Tout de suite, nous proposons

En France :

  • une loi de finances rectificative (collectif budgétaire) de l’ordre de 30 milliards d’euros, comportant 4 milliards de crédits nouveaux pour le système de santé public et, au-delà, des mesures de soutien à l’ensemble des services publics où les besoins d’embauches et de formation sont criants. Cela suppose de suspendre sine die les interdits du  Pacte de stabilité et du pacte budgétaire (déficits publics et dette publique respectivement inférieurs à 3 % et 60 % du PIB) ;
  • mise en place d’instances démocratiques de suivi de la mise en œuvre des dispositions ci-dessous dans les entreprises et les territoires ainsi que de suivi et contrôle du crédit, sous l’égide des conseils régionaux et des CESER, avec l’appui des services de l’État. Ces instances pourraient être saisies par les représentants des salariés ou les élus, représentants de la population ;
  • soutien du pouvoir d’achat : blocage des prix des dépenses dites « pré-engagées » (loyers, tarifs des télécommunications et des assurances…) et blocage à la hausse des prix des produits de première nécessité jusqu’à la fin de l’épidémie. Garantir l’accès effectivement gratuit au système de santé et de dépistage pour toutes et tous, y compris SDF, sans-papiers et réfugiés ;
  • dans les grands groupes, moratoire sur toutes les suppressions d’emplois pendant toute la durée de l’épidémie ;
  • mobilisation des trésoreries abondantes des grands groupes pour faciliter le crédit interentreprises en faveur des salaires et de l’activité des PME ;
  • dans les secteurs touchés par la rupture des chaînes d’activité (automobile, aéronautique…), mise en place de crédits bancaires de trésorerie à taux réduit, refinancés par la BCE,  sous conditions strictes de maintien de l’emploi et de la rémunération des salariés concernés ;
  • plan de mobilisation des grands groupes du secteur pharmaceutique pour faire face à l’urgence de l’épidémie et pour consolider durablement la filière ;
  • mise en place d’un dispositif exceptionnel de crédits de trésorerie bonifiés pour les PME-TPE : plus celles-ci prendront des engagements favorables en termes de salaires et d’emplois préservés, ou de formation, plus le taux de ces crédits sera réduit, jusqu’à être fortement négatif. Ces crédits devront être intégralement refinancés à 0%, voire moins, par la BCE ;
  • en même temps que des avances longues à taux zéro voire négatif pour les maintiens de salaires et emploi, le dispositif de mutualisation pour chômage partiel doit être élargi : maintien du salaire à 100%, incluant les salaires au-delà du SMIC, avec un abondement supplémentaire de l’Etat, des trésoreries des grandes groupes et d’un Fonds européen (financé par la BCE) ;
  • il ne faut surtout pas recommencer les errements des krachs précédents.
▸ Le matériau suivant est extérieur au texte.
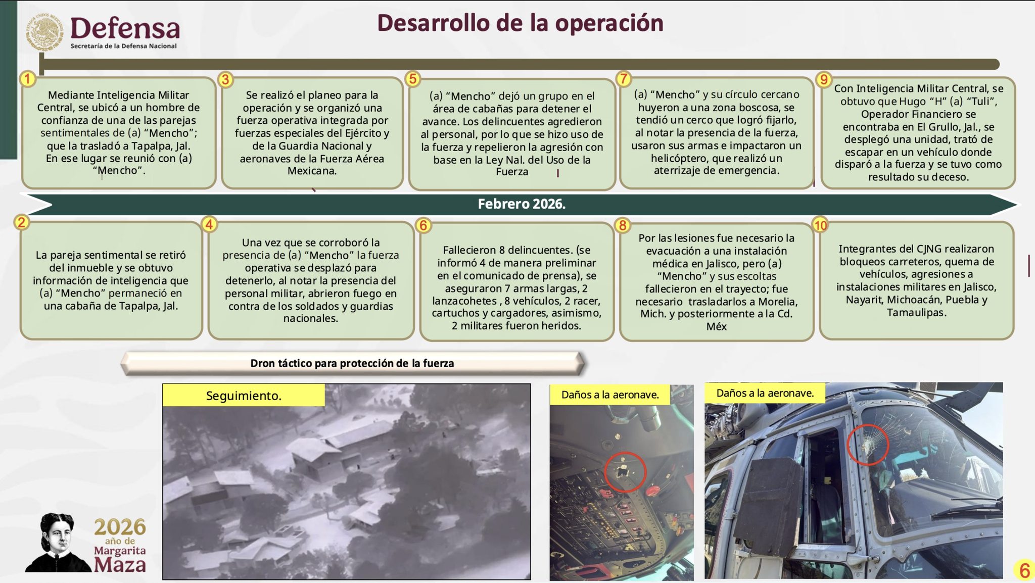 El General Secretario de la Defensa Nacional, Ricardo Trevilla Trejo, detalló que el seguimiento de inteligencia permitió ubicar al delincuente en una zona boscosa de Tapalpa. Tras un violento enfrentamiento que incluyó el uso de lanzacohetes contra aeronaves oficiales, Oseguera Cervantes resultó herido.

La fourniture en urgence de liquidités par la BCE au système bancaire doit être assortie de critères précis : pas de refinancement des crédits alimentant la spéculation et les opérations financières, accès à un refinancement à taux négatif réservé aux crédits favorables à la sécurisation de l’emploi et de la formation.
  • suivi et contrôle du crédit et de la mise en œuvre de ces dispositions sous l’égide des conseils régionaux et des CESER ;
  • retrait immédiat du projet de réforme des retraites qui fragilisera l’ensemble de l’économie.

Au niveau européen :

  • abandon définitif du « Pacte de stabilité » budgétaire. Ouverture d’une négociation pour un nouveau traité remplaçant le TSCG (traité sur la stabilité, la coordination et la gouvernance) et pour la définition d’un nouveau statut et d’un nouveau mandat de la BCE ;
  • mise en place d’un Fonds de développement économique, social et écologique européen financé par la BCE. Cette nouvelle institution financerait des investissements démocratiquement élaborés, décidés, suivis et contrôlés dans chaque État membre de l’UE et visant à développer les services publics dans tous les services, à commencer par la santé, et à répondre à l’urgence écologique ;
  • création d’un pôle public européen du médicament (recherche et production).